= Activity =
Please print, exactly, only the lines in the entries below from the line that has "Rendez-vous sur le" through the line that has "Eight fish move". Pictures don't go in.

= Given data =
-*-*-
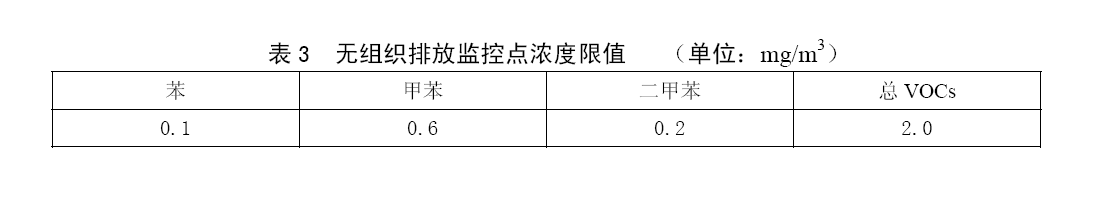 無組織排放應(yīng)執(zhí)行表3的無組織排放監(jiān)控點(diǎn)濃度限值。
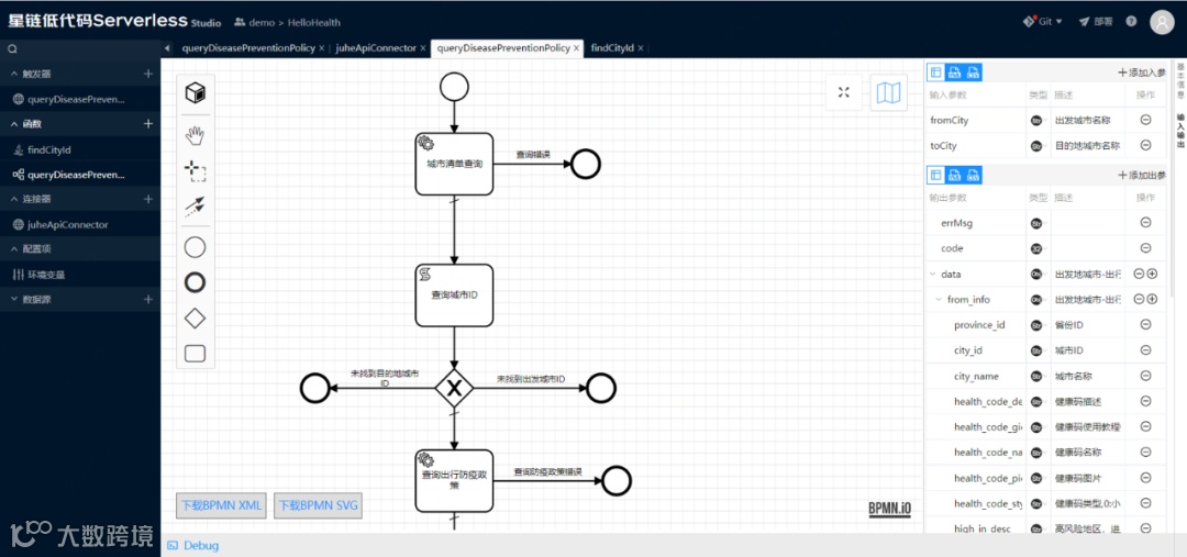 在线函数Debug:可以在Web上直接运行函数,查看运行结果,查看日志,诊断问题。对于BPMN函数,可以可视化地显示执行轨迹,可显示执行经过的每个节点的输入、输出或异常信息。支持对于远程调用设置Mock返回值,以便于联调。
-*-*-
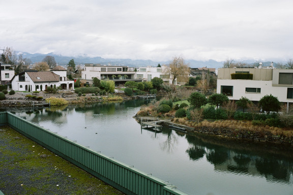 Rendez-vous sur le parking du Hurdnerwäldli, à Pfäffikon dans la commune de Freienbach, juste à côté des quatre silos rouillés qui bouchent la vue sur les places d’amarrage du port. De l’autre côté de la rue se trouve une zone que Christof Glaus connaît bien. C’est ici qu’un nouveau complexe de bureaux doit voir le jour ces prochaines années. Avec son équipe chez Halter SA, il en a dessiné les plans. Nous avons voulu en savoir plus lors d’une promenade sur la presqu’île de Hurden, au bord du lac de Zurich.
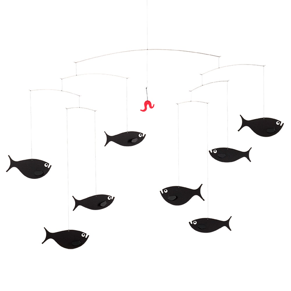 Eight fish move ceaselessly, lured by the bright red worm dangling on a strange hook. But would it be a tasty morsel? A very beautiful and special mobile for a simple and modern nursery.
-*-*-
= Task output =
 Rendez-vous sur le parking du Hurdnerwäldli, à Pfäffikon dans la commune de Freienbach, juste à côté des quatre silos rouillés qui bouchent la vue sur les places d’amarrage du port. De l’autre côté de la rue se trouve une zone que Christof Glaus connaît bien. C’est ici qu’un nouveau complexe de bureaux doit voir le jour ces prochaines années. Avec son équipe chez Halter SA, il en a dessiné les plans. Nous avons voulu en savoir plus lors d’une promenade sur la presqu’île de Hurden, au bord du lac de Zurich.
 Eight fish move ceaselessly, lured by the bright red worm dangling on a strange hook. But would it be a tasty morsel? A very beautiful and special mobile for a simple and modern nursery.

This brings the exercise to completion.